==== Material for this exercise ====

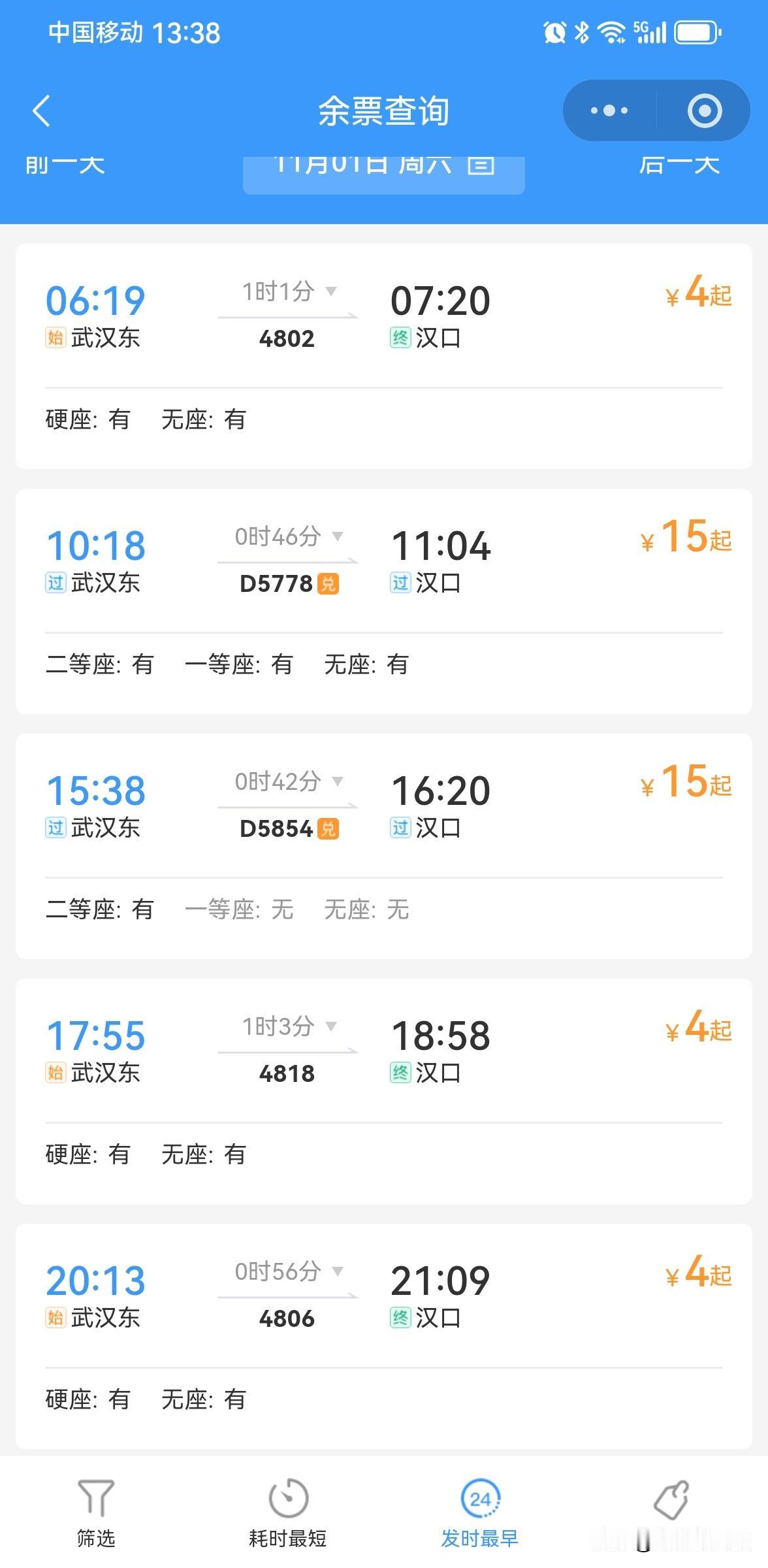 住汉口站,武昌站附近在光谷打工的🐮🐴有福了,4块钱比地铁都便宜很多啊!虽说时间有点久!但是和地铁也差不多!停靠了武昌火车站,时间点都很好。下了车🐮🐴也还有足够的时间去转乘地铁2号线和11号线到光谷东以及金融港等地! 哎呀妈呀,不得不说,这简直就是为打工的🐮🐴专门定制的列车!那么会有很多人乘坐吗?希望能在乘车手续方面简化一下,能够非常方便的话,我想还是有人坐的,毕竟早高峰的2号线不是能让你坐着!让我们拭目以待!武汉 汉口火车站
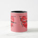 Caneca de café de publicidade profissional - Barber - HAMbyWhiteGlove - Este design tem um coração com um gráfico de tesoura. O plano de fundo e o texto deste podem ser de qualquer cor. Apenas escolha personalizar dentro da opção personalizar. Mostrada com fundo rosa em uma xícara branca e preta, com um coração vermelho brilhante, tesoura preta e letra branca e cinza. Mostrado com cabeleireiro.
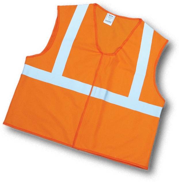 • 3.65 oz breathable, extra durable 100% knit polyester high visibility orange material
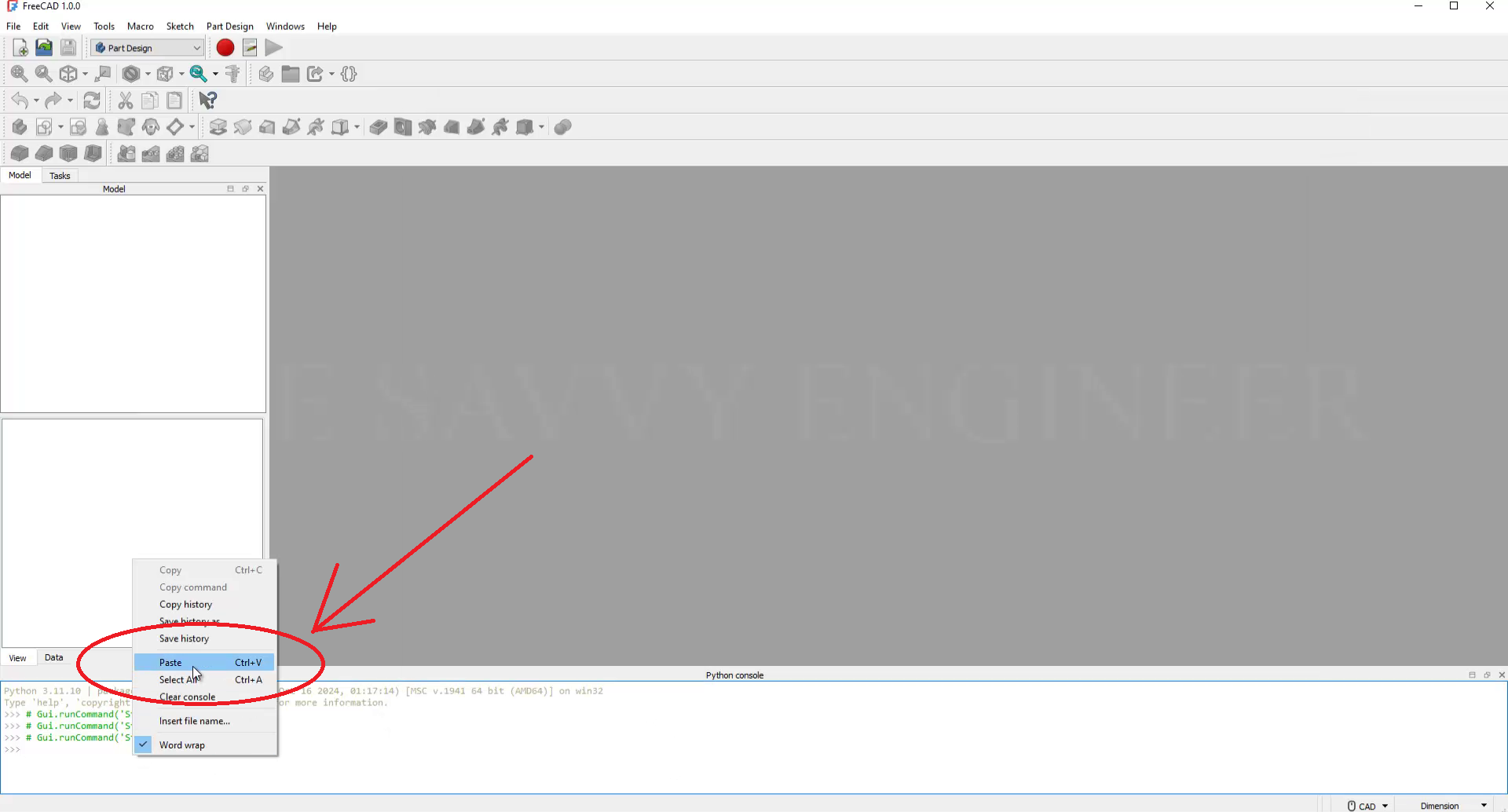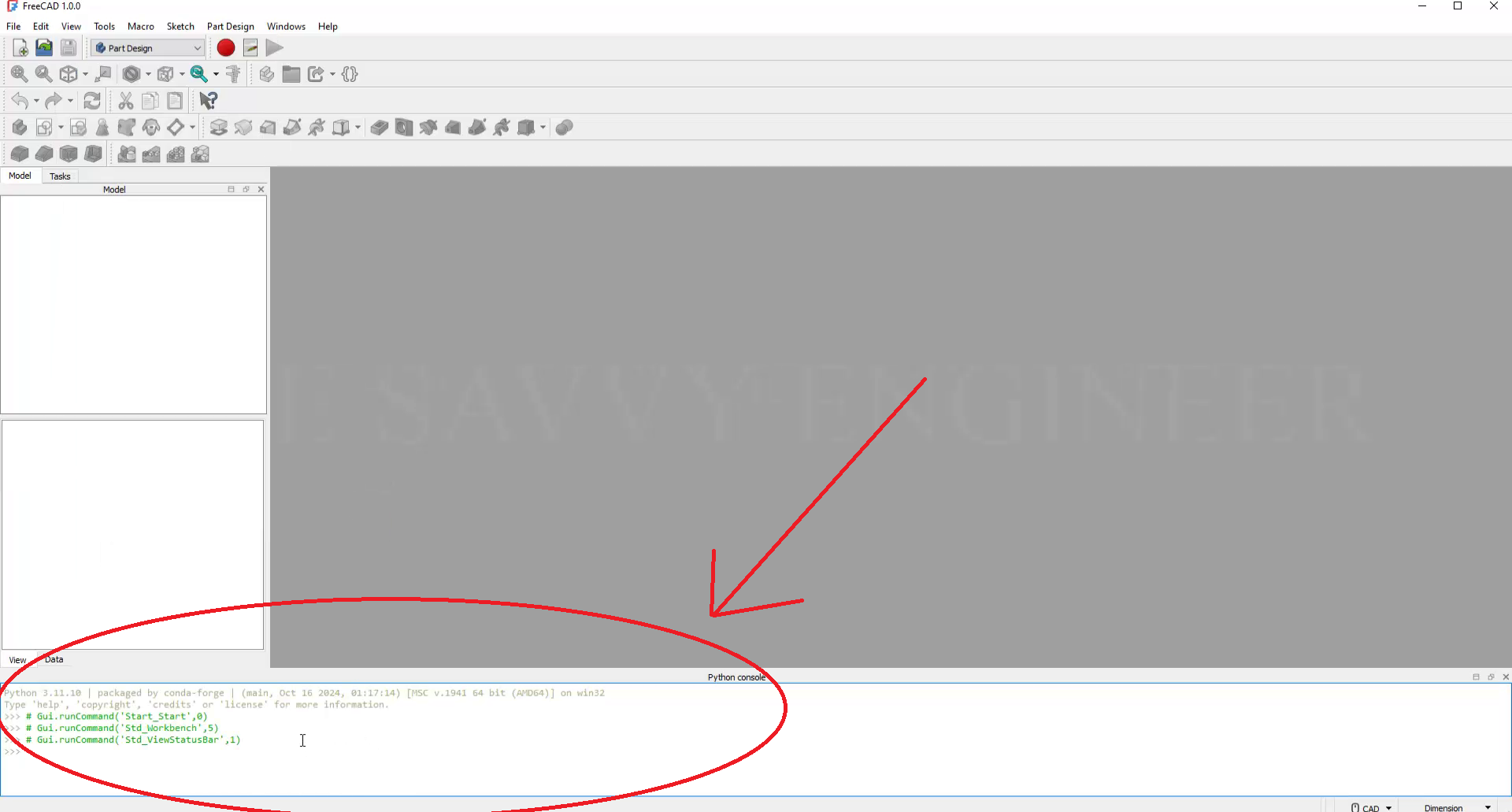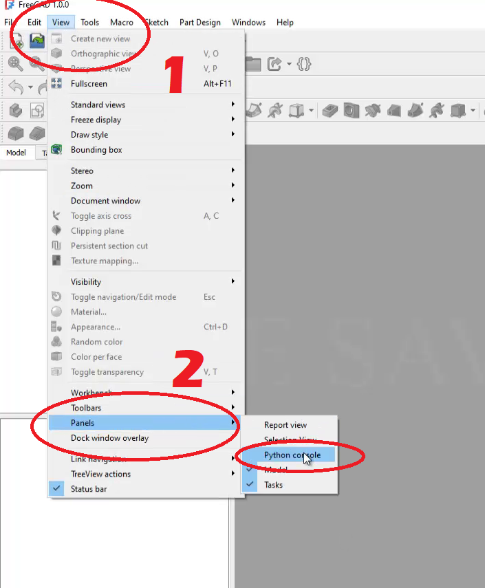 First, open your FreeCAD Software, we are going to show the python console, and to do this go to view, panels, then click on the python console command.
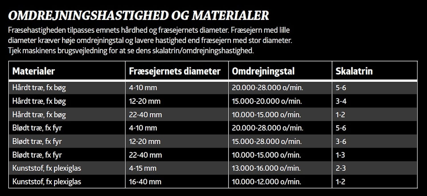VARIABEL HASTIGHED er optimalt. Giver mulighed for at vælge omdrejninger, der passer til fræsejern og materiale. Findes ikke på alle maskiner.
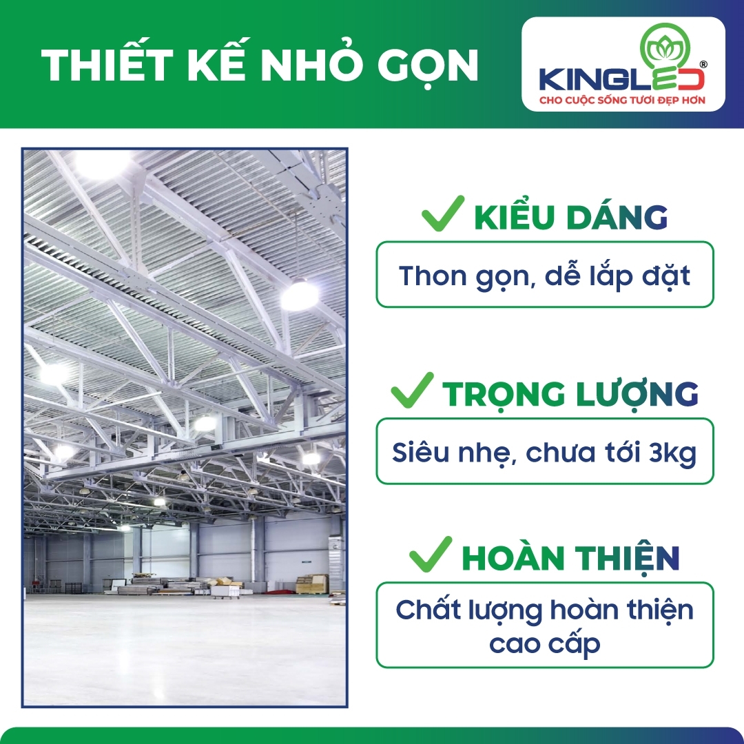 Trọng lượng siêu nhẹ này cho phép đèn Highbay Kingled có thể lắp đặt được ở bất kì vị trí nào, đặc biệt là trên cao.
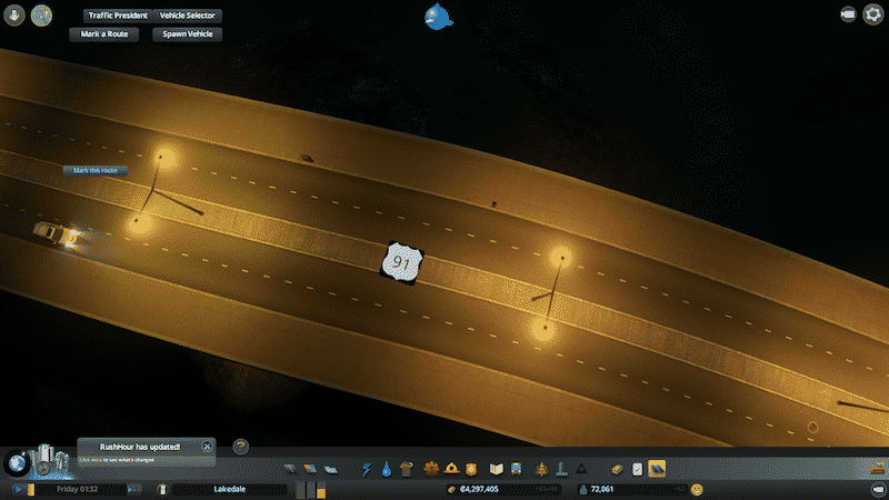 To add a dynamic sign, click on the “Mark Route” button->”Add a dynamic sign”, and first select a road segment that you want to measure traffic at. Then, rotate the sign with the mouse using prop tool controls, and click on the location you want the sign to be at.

====

Return exactly the lines from the one containing "VARIABEL HASTIGHED er" through the end of the records, leaving out every picture.

Response box:
VARIABEL HASTIGHED er optimalt. Giver mulighed for at vælge omdrejninger, der passer til fræsejern og materiale. Findes ikke på alle maskiner.
 Trọng lượng siêu nhẹ này cho phép đèn Highbay Kingled có thể lắp đặt được ở bất kì vị trí nào, đặc biệt là trên cao.
 To add a dynamic sign, click on the “Mark Route” button->”Add a dynamic sign”, and first select a road segment that you want to measure traffic at. Then, rotate the sign with the mouse using prop tool controls, and click on the location you want the sign to be at.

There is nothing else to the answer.